Papaipema eryngii

Scientific classification
- Domain: Eukaryota
- Kingdom: Animalia
- Phylum: Arthropoda
- Class: Insecta
- Order: Lepidoptera
- Superfamily: Noctuoidea
- Family: Noctuidae
- Tribe: Apameini
- Genus: Papaipema
- Species: P. eryngii
- Binomial name: Papaipema eryngii Bird, 1917

= Papaipema eryngii =

- Genus: Papaipema
- Species: eryngii
- Authority: Bird, 1917

Species of moth

Papaipema eryngii, the rattlesnake-master borer, is a species of cutworm or dart moth in the family Noctuidae. It is found in North America. It bores into the rattlesnake master, Eryngium yuccifolium, at the stalk, inverts and develops, killing the plant in the process. In order to mature, the moth needs a mature rattlesnake master or multiple young stalks.

== Ecology ==
The rattlesnake-master borer moth larvae bore into the stem of the plant; population estimates can be therefore based on the presence of borer holes found in the plant. Although the range of P. eryngii overlaps with that of other Papaipema species whose larvae also try to bore into the rattlesnake master, these larvae are unable to survive because they have not adapted to the defensive chemical response of the plant, unlike P. eryngii.

== Range ==
The range of the moth is in part restricted by its host plant.
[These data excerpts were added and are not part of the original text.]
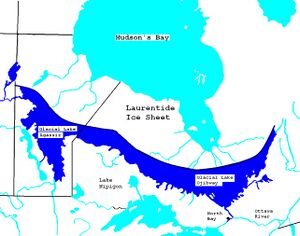 ![]() Map of the extent of Lake Agassiz in central North America, by 19th century geologist Warren Upham. The regions covered by the lake were significantly larger than shown here. | |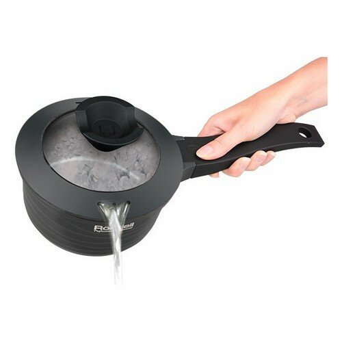 Удобные отверстия в крышке для слива воды, с двух сторон разные под разные задачи. Прорезиненная крышка ставится на ковш абсолютно бесшумно. Ничего не пригорает, не липнет, отмывается за секунды. |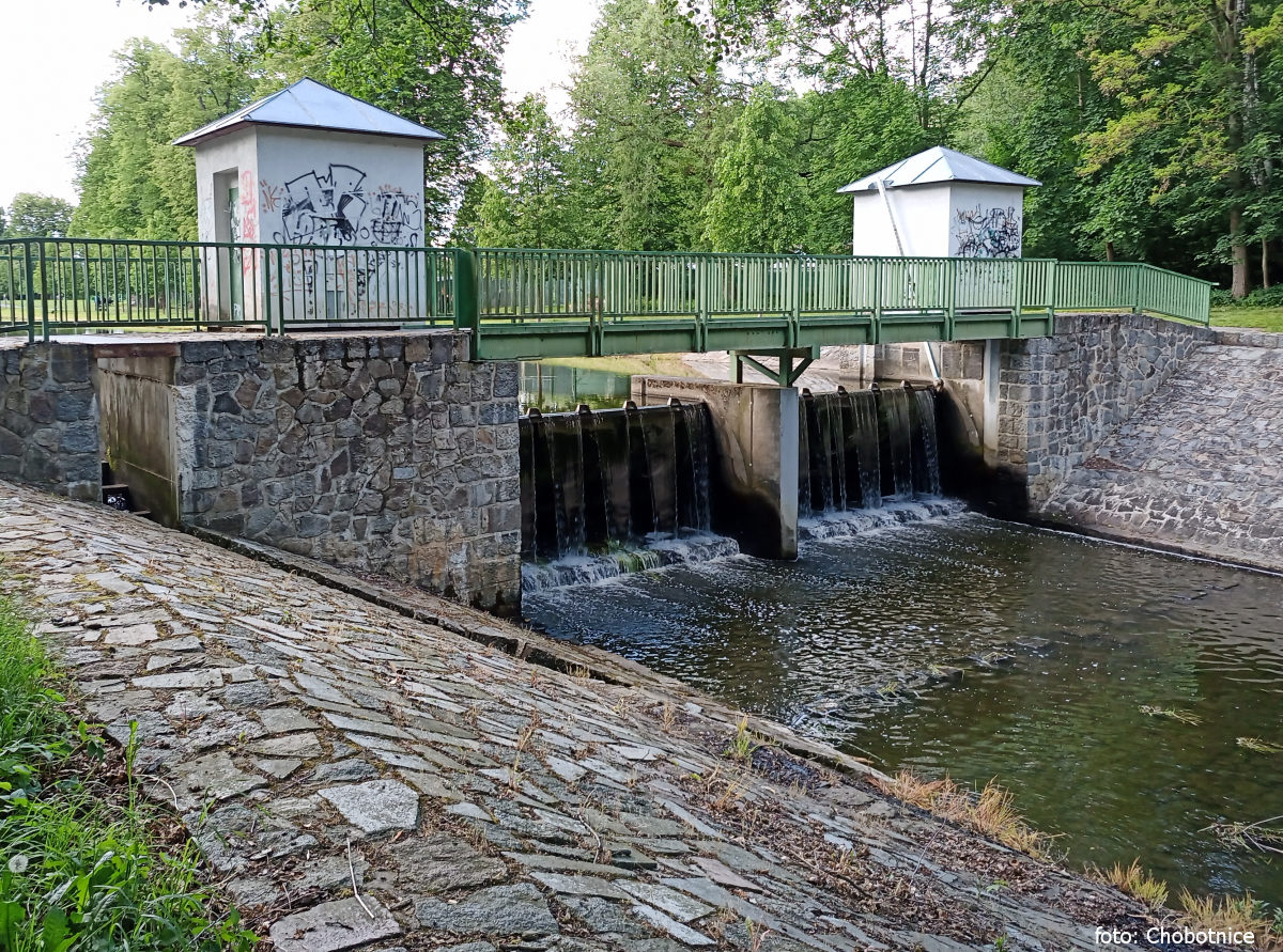 jez přenést vpravo vysoký (m) 2.3 náhon vlevo, Spálenský mlýn a následuje za 500 m jez (stupeň) vysoký (m) 0.5 1,1 km |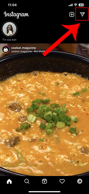 Bước 2: Khi quá trình cập nhật đã hoàn tất, mở ứng dụng Instagram trên thiết bị và nhấn vào biểu tượng máy bay ở góc trên cùng bên phải để mở tin nhắn Direct Message.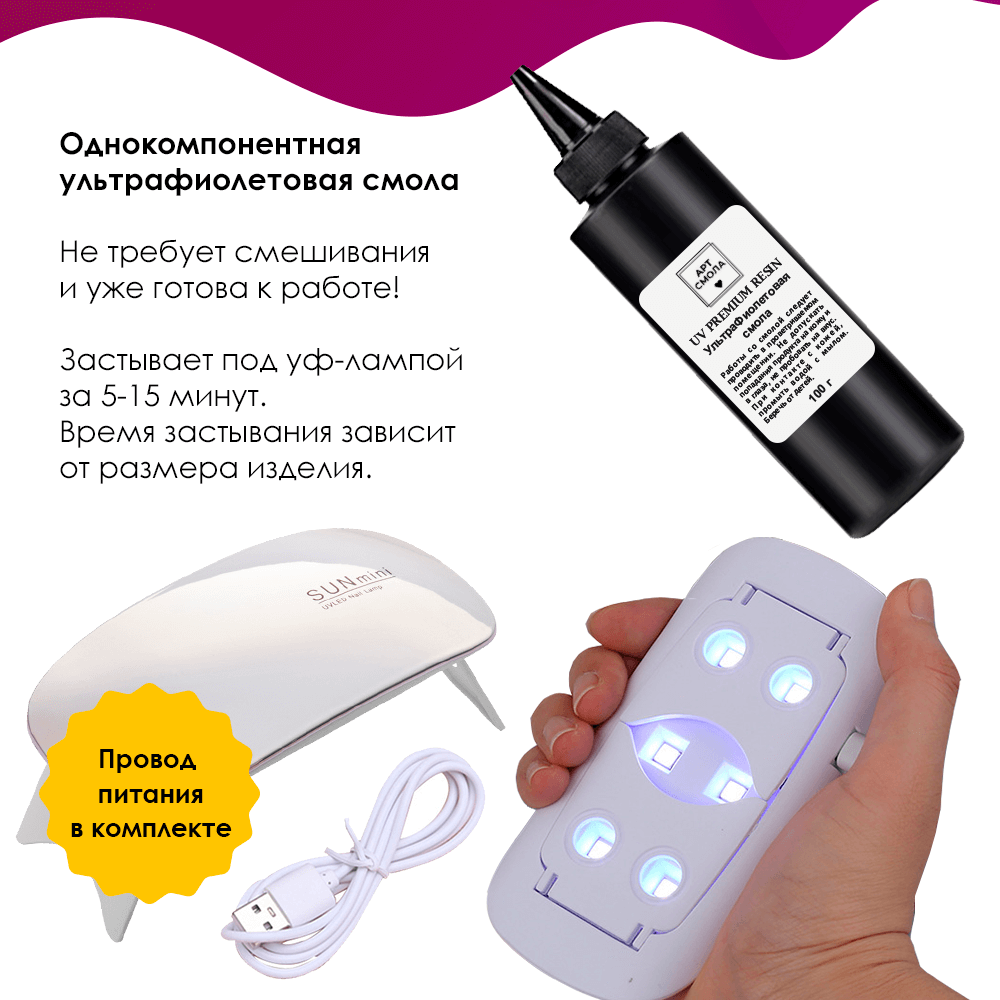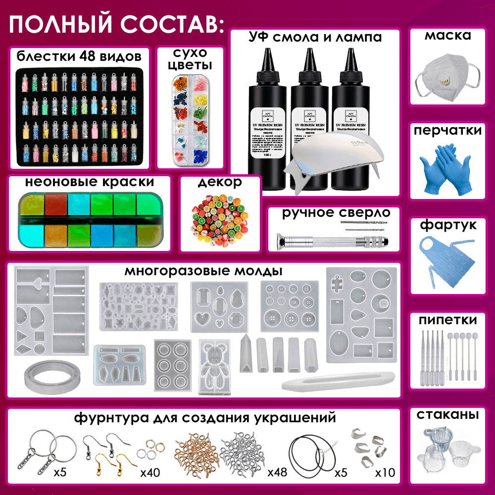 | Комплектация | UV смола для заливки 300 г (3 флакона по 100 грамм), УФ лампа для сушки и силиконовые молды формочки для эпоксидной смолы, ультрафиолетовые красители для эпоксидной смолы, сухоцветы, фурнитура для украшений, глиттер блестки, подарочная коробка |

It is found in Arkansas, Illinois, Kansas, Kentucky, Missouri, and Oklahoma; the species is now extirpated in Iowa and North Carolina.

== Conservation ==
Papaipema eryngii is the only species of its genus to have been gone through the petition process for federal protection; the petition was declined in 2020 based on the number of P. eryngii populations and that the species was seen to have adequate numbers and resiliency to survive catastrophic events and to adapt to changing conditions.

P. eryngii is listed as endangered in the state of Illinois.